Clearly the public tacitly approves the growth and multiplication of private schools. Despite private schools constituting a mere 23 percent of the country’s 1.28 million primary-secondaries (and their number could be much less because government statistics list primaries, secondary and higher secondaries within composite schools separately), they educate over 40 percent (90 million) of the country’s in-school children. And according to several studies, as many as 20 percent of rural in-school students are enroled in private schools.

The view that an across-the-board investment boom in Indian education is imminent and inevitable is also shared  by Sandeep Aneja, an alumnus of Stanford Business School and currently managing director of Mumbai-based  Kaizen Private Equity, a division of the Kaizen Management Advisors Pvt. Ltd. “As huge as the demand-supply gap is the quality gap in school education. This reality has opened up a great opportunity in the schools accredit-ation and quality improvement businesses. The dominant need of K-12 institutions is new user-friendly technologies, improved curriculums, vocational education inputs and teacher training and development services. In particular there are great opportunities for promotion of private teacher training colleges and creating new career paths and structures for teachers, so that the   country’s best and most idealistic graduates  are attracted to the teaching profession. All this is possible within the framework of reasonable, Gandhian profits. But liberalisation and dereg-ulation of K-12 education is a necessary pre-condition of quality-conscious firms entering Indian education. I am confident that the judiciary will take note of the ground realities of Indian education and decree liberalisation,” says Aneja.
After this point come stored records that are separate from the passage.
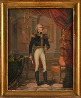 Si tratta del ritratto del Conte Ignace Thaon de Revel (Nizza, 1760 – Torino, 1835), rappresentato in uniforme da cerimonia del primo Impero. Il Conte ha ricoperto un ruolo politico di primo piano durante la Restaurazione e partecipò attivamente, sotto il comando di suo padre Charles-François, alla difesa della Contea di Nizza durante l'invasione francese. Il dipinto è opera di Frédéric Chiarle ed esiste una versione simile, con una composizione di dimensioni maggiori, esposta nella Grande Galleria del Museo della Villa Massena a Nizza.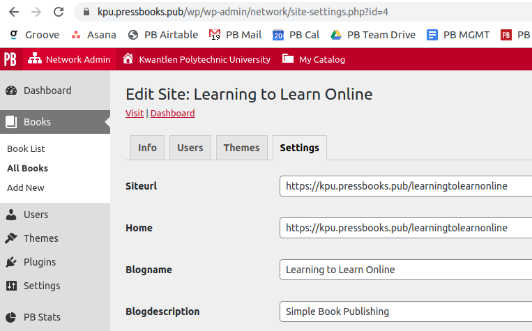 Book administrators can also change this themselves by visiting a ‘hidden’ admin settings page for each book: https://NETWORK.URL/BOOK/wp-admin/options-general.php (replacing network URL and bookname with the relevant values, (i.e. https://kpu.pressbooks.pub/intermediatealgebra/wp-admin/options-general.php). Once there, you’ll see a few options, one of which is ‘tagline’ – this is what’s displayed as part of the book title in the browser bar. As with before, we recommend that users are cautious about editing other information/settings on this page.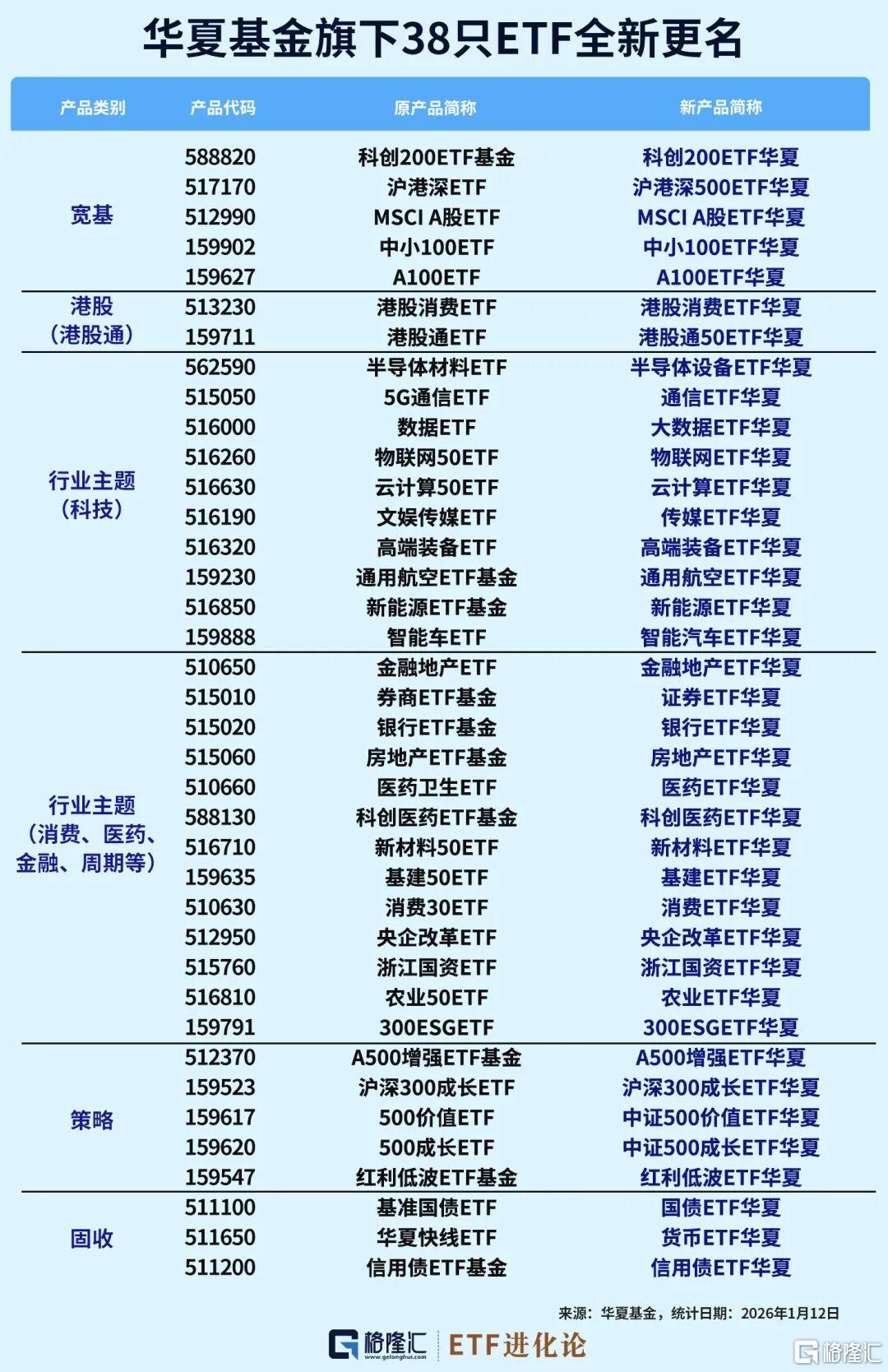 作为公募行业的领军者华夏基金率先行动。1月12日,旗下38只ETF集体更名!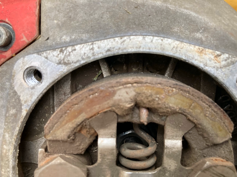 せっかく取り外したのでクラッチを見てみました。 まだシューの厚みも十分で問題なさそうですが、よ〜く見てみると.... |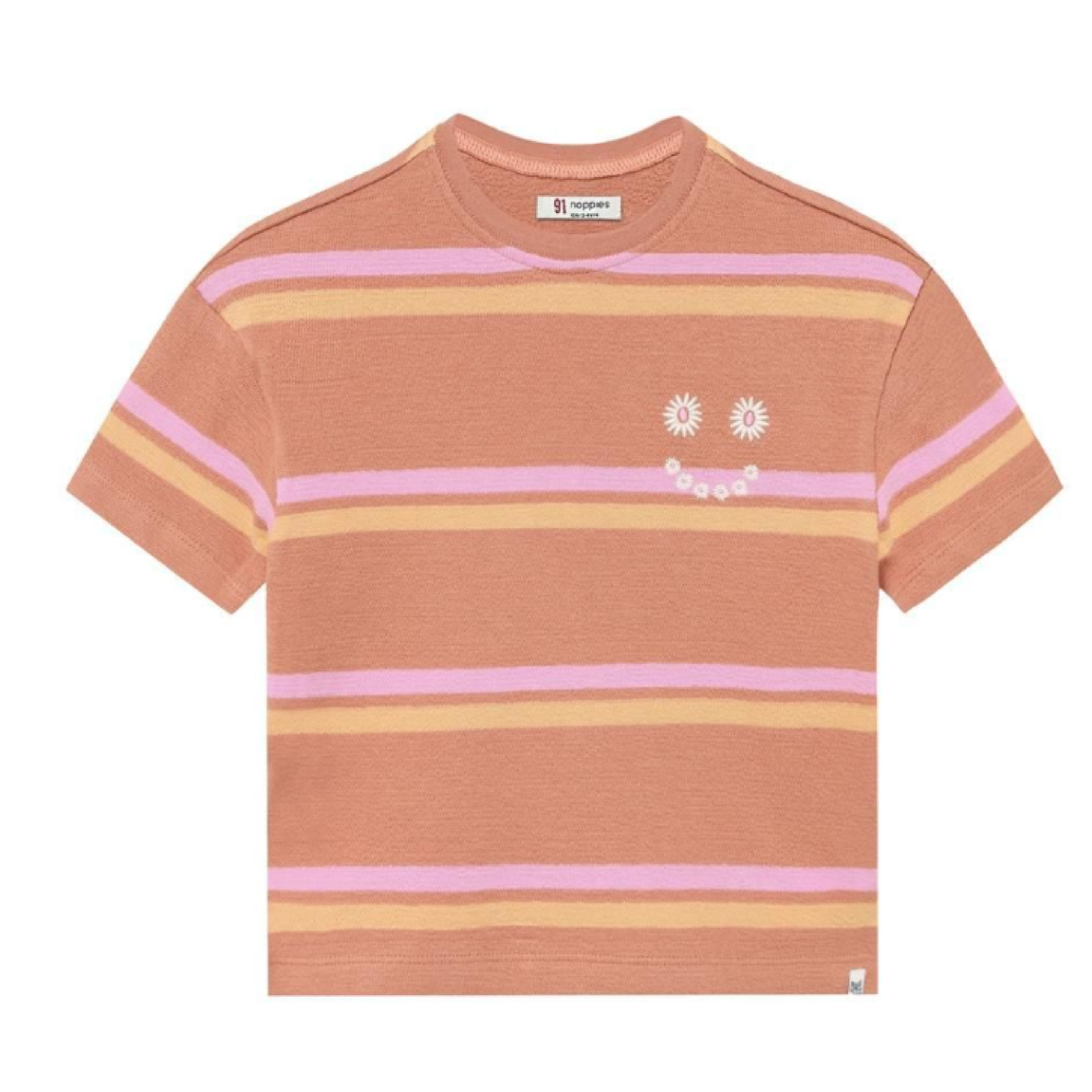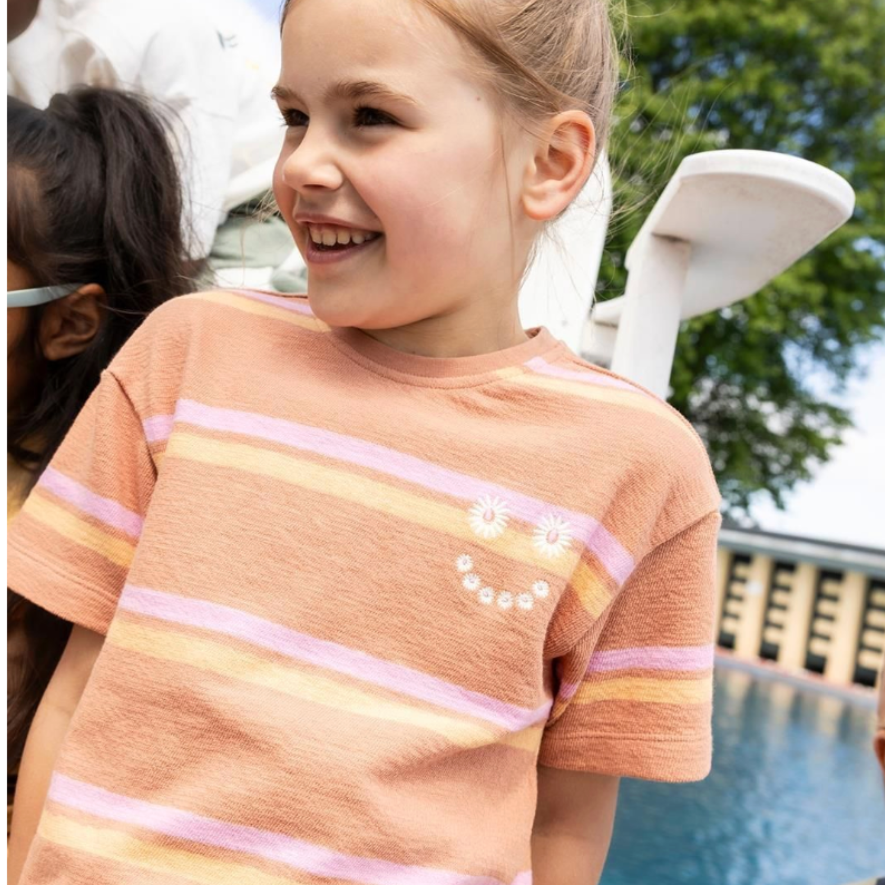 Girls T-shirt by Noppies Kids – fresh and timeless striped This T-shirt by Noppies Kids is a great basic with a playful twist. Made of airy jersey mesh of 100% organic cotton, with a cheerful striped pattern. The short sleeves, round neck and regular fit ensure a comfortable fit that is easy to combine. Thanks to the GOTS certification (CERES-0366), you are also consciously choosing sustainability. Perfect for school, playing or relaxing – this shirt goes with everything and always fits well.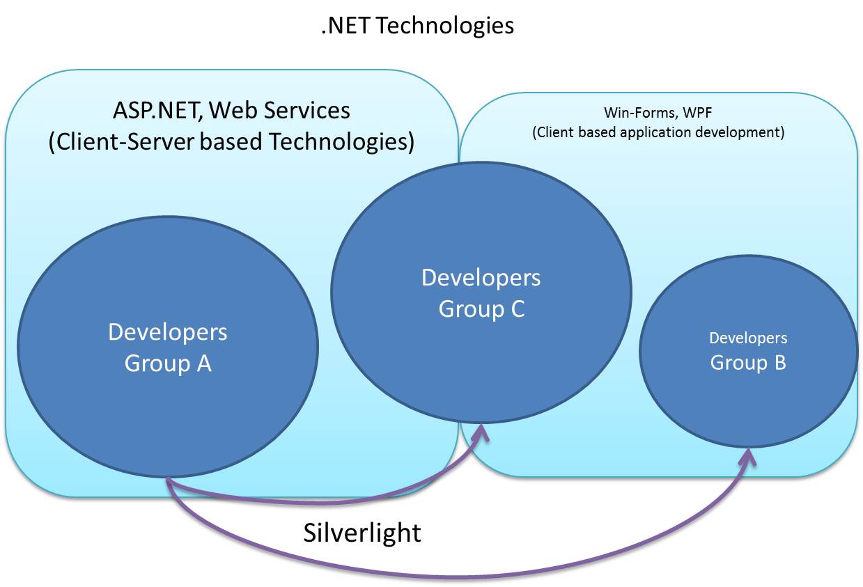 Silverlight brought many of the developers from Group A to Group B and Group C, minimising the difference between technologies.That points at one reason why Silverlight was started.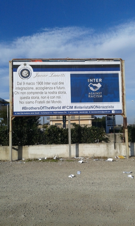 A seguito degli indecorosi cori razzisti lanciati dagli spalti di S. Siro la sera del 26 dicembre, durante la gara di campionato Inter-Napoli, contro il difensore partenopeo Koulibaly, l’Inter Club “J. Zanetti” di Avetrana ha voluto prendere una posizione netta e forte. Su proposta del presidente Giacomo Carrozzo e del responsabile Relazioni Esterne Salvatore Luigi Baldari, infatti, il sodalizio avetranese ha fatto affiggere un manifesto 6x3, lungo la direttrice per Manduria, che parla chiaro: “Dal 9 Marzo 1908 Inter significa integrazione, accoglienza e futuro. Chi non comprende la nostra storia, questa storia, non è con noi. Noi siamo Fratelli del Mondo. Interista non è razzista”.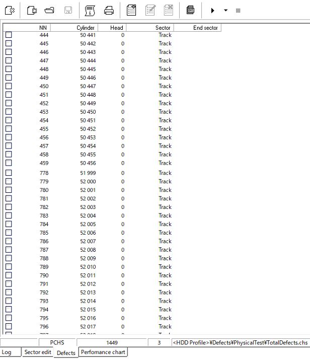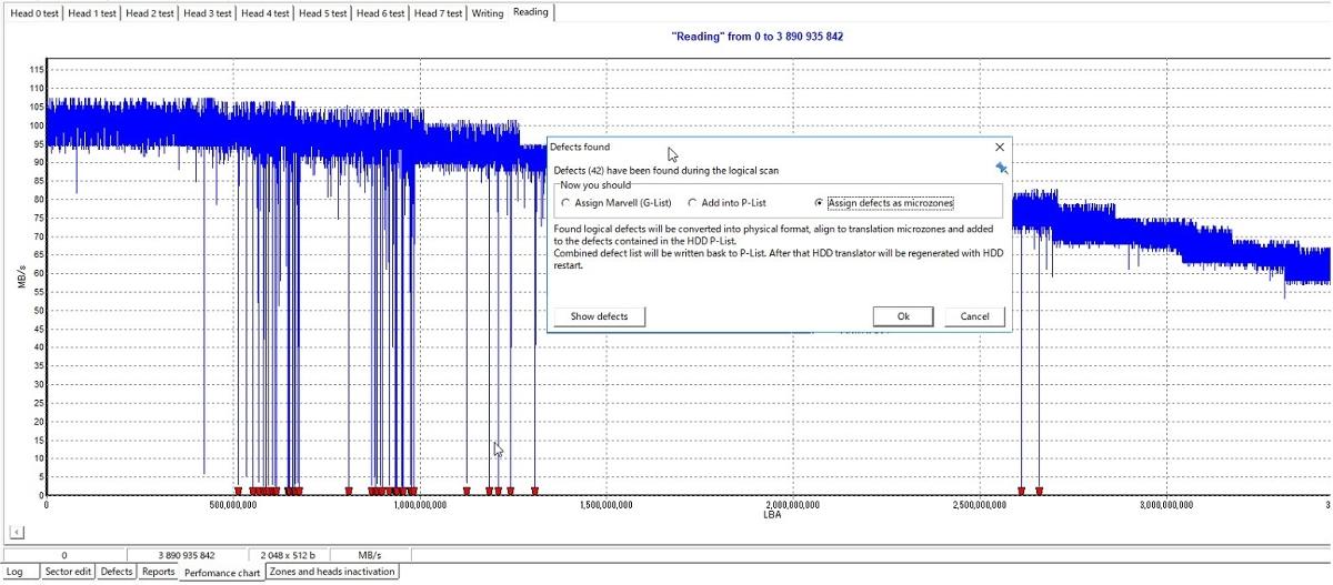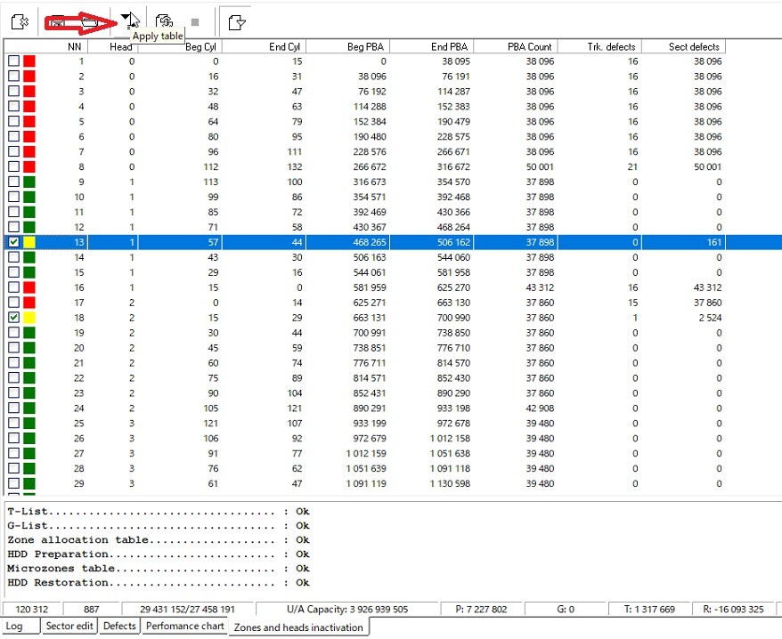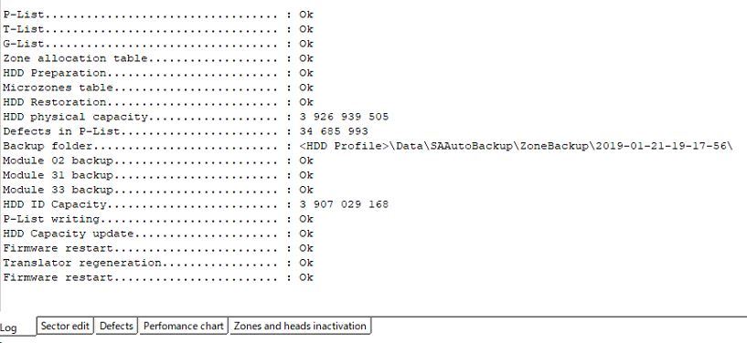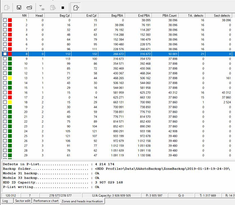 首先,我们备份所有的服务区域模块,并检查模块32内部的内容(Relo-list,缺陷候选项)。没有那么多的条目,这意味着大多数磁头都是良好的状态: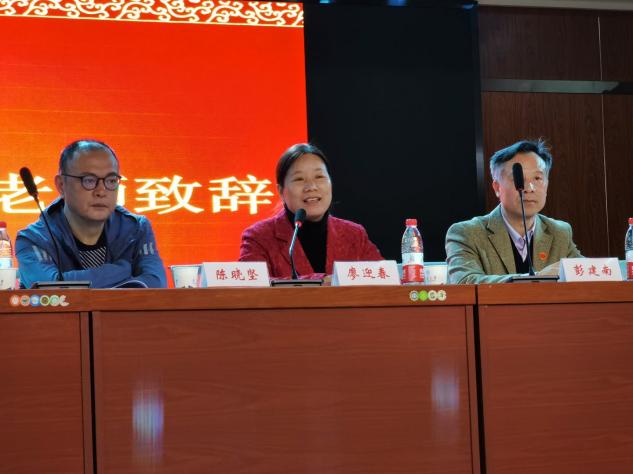 接着,校学生工作部副部长廖迎春致辞。她对护理学院以及院团委学生会的工作表示高度肯定,希望新一届团委学生会能够做到“三个注重”:其一,注重思想引领,坚定理想信念,举办具有护理特色的相关活动,增强同学们爱党、爱国、爱校、爱院的使命感。其二,注重团队合作,要调动团队每一位同学的积极性,实现团委学生会“团结、务实、创新、高效”的八字目标。其三,注重主动调研,完善工作思路,热情服务同学,及时将同学们的诉求反馈给老师,不做学生官,争做学生友。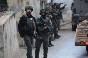 (251224) -- NAPLUSA, 24 diciembre, 2025 (Xinhua) -- Miembros de las fuerzas israelíes vigilan mientras una excavadora israelí demuele una vivienda, en el poblado de Bizzariya, en el noroeste de Naplusa, en Cisjordania, el 24 de diciembre de 2025. (Xinhua/Nidal Eshtayeh) (ah) (ra) (vf)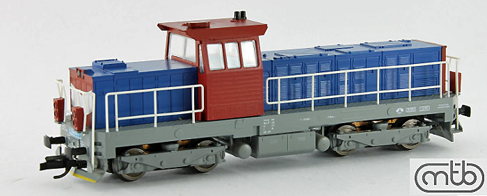 Popis   dieselová lokomotiva červená-modrá s šedým rámem a pojezdem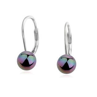 Stříbrné náušnice dekorované 6 mm syntetickými duhovými perlami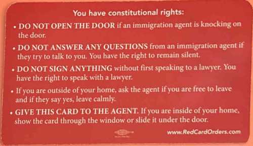 The other side, in English, outlines the person’s rights for an ICE agent:

Quite clearly after decades of neglect and muddling through, Indian school and higher education is on the threshold of a renaissance. Suddenly there is intense awareness that the country’s 1.28 million K-12 schools and 31,000 colleges are not parking lots to keep children and youth out of trouble and mischief, but development institutions which should deliver real, measurable learning outcomes to prepare students for higher education and the shop-floors of Indian industry. Simultaneously there’s a chilling new awareness within Indian society that in the rapidly crystallising globalised world, generation next will have to compete for jobs and markets with their counterparts in the US, China and European nations which accord highest priority to development of human capital through continuously improving education systems and processes.

Against this challenging backdrop, there are great expectations that their lordships of the Supreme Court hearing counsels’ arguments in the landmark Society for Private Unaided Schools of Rajasthan Case, will take judicial notice of clearly expressed public preference for private education — increasingly available at all price points — and decree the liberalisation and deregulation of Indian education and K-12 education, in particular. With the licence-permit-quota regimen having demonstrably failed  Indian education as it failed Indian industry until the historic liberalisation initiative of July 1991, the public interest demands this beneficial initiative is replicated in Indian education.